Other studies show similar results. The “Human Spaces Report”, which surveyed 7600 office employees in sixteen countries stated 6% productivity increases, 15% creativity improvement and a 15% hike in wellbeing. “The Impact of Biophilic Design on Workers Efficiency” report from Turkey’s Akdeniz University shows an 8% productivity boost. It also reports Amsterdam’s ING Bank building reduced workday loss by 15% by introducing basic biophilic principles and Perakende, a retail news site, increased its profits by around 40% by taking similar steps.

Productivity +6%

Creativity +15%

Wellbeing +15%

Economics of biophilic design


Biophilic ROI

The upshot of all of this is that biophilia can provide a positive financial ROI as well as happier employees and better retention rates which save even more time and money.

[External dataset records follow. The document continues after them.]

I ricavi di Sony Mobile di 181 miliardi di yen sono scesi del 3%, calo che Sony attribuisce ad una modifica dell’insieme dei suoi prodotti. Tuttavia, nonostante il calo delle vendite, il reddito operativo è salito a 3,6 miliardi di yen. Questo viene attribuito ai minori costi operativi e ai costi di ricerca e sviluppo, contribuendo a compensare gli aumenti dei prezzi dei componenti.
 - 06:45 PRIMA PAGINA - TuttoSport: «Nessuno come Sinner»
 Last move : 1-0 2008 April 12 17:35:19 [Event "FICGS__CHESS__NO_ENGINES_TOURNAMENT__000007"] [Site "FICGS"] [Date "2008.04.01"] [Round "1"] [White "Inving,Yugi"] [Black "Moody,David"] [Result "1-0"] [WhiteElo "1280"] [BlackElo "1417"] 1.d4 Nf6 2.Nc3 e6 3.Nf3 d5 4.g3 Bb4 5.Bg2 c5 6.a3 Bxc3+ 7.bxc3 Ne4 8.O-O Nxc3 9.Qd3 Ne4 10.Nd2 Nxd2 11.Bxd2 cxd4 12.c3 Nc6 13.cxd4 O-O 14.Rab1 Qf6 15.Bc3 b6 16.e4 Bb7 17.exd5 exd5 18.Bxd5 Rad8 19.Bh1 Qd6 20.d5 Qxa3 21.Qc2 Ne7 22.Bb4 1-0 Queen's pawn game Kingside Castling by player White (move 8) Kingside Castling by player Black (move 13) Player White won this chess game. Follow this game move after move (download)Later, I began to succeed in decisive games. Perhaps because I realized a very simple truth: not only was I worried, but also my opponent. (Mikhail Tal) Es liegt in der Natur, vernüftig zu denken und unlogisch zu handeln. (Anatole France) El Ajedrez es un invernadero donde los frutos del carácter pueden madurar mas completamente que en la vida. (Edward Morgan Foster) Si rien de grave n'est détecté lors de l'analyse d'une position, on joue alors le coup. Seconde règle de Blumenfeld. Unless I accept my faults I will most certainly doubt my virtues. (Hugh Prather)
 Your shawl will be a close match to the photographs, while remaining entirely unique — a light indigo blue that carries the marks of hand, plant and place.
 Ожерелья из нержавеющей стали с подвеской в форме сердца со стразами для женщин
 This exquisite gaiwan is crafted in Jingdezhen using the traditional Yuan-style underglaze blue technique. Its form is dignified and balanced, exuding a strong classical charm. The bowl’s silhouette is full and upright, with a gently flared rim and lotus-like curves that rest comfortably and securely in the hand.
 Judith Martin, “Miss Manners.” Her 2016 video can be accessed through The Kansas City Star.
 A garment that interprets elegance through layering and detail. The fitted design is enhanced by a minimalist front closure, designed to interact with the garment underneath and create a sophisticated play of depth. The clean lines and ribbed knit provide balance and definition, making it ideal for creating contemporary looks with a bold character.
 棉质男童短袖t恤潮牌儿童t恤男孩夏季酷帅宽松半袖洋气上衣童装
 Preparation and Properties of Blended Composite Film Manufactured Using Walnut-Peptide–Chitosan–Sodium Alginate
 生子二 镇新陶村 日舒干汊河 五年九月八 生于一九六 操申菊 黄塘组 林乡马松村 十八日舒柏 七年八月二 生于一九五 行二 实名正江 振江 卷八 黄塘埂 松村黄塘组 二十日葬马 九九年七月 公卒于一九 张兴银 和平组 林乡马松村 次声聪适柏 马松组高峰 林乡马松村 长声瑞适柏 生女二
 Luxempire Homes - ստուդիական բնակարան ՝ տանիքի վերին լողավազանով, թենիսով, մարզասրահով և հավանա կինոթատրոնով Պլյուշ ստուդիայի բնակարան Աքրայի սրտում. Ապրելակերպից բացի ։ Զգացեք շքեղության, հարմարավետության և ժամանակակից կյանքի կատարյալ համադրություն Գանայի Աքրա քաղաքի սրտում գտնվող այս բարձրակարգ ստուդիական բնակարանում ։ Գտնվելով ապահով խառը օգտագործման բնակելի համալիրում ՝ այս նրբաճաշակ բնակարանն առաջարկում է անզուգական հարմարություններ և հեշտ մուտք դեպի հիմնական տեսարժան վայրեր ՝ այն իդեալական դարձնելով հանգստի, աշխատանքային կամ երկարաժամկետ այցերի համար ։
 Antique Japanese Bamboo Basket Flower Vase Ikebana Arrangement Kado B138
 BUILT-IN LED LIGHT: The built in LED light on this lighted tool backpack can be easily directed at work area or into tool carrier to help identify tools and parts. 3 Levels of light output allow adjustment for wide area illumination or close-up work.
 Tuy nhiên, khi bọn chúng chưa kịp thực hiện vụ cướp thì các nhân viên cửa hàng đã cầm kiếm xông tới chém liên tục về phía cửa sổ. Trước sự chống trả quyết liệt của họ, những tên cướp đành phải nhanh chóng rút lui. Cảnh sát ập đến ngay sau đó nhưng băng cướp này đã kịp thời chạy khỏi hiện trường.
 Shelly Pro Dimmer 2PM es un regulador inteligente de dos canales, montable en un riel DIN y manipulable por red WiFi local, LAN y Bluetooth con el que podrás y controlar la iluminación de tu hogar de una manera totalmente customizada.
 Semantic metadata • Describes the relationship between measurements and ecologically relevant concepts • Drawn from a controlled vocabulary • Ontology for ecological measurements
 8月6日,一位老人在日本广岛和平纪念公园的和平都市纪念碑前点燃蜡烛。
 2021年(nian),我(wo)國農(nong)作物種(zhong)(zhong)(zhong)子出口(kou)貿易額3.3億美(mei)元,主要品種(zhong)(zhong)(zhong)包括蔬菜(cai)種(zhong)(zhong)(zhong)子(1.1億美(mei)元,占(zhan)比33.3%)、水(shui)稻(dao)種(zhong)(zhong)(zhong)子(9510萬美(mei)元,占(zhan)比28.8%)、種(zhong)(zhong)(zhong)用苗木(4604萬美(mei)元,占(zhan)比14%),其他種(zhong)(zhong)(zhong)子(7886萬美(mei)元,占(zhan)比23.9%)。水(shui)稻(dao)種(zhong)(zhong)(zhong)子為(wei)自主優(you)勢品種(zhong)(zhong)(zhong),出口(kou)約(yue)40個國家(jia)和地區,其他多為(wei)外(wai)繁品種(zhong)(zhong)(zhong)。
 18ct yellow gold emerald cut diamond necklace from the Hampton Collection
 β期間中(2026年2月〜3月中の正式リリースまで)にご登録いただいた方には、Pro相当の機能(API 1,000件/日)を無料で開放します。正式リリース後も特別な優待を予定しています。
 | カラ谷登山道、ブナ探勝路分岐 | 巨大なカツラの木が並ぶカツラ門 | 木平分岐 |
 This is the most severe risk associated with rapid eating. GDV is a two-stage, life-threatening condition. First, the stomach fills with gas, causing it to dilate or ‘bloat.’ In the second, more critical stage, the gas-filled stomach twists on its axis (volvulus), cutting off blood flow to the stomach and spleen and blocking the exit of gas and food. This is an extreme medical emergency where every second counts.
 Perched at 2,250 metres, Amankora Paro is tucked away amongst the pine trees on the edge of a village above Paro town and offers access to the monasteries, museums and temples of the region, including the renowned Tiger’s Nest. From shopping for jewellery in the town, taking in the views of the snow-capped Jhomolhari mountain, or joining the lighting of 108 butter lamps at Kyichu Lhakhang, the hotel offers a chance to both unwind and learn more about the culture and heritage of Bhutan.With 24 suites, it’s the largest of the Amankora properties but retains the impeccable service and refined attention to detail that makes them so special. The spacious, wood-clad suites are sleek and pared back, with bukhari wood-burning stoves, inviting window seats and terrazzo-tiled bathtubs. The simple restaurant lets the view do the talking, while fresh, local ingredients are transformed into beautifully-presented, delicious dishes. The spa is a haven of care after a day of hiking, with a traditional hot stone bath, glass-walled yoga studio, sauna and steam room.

Of course, biophilic design is not limited to workplaces, but can be implemented in educational environments, health facilities, public spaces and homes. If hospitality businesses such as hotels and restaurants really flexed their biophilic muscles, imagine the customer return rates they could enjoy.

Real Life Research

PLN Group recently ran an experiment in conjunction with a local primary school, where one classroom was designed with biophilia in mind including plants, forest wall graphics and biophilic design furniture, whilst another similar space was left as originally designed – relatively bland. The results, whilst possibly not scientifically rigorous, showed a marked improvement in pupil engagement right through the week where nature was present versus those learning in the control space whose concentration waned as the days rolled on.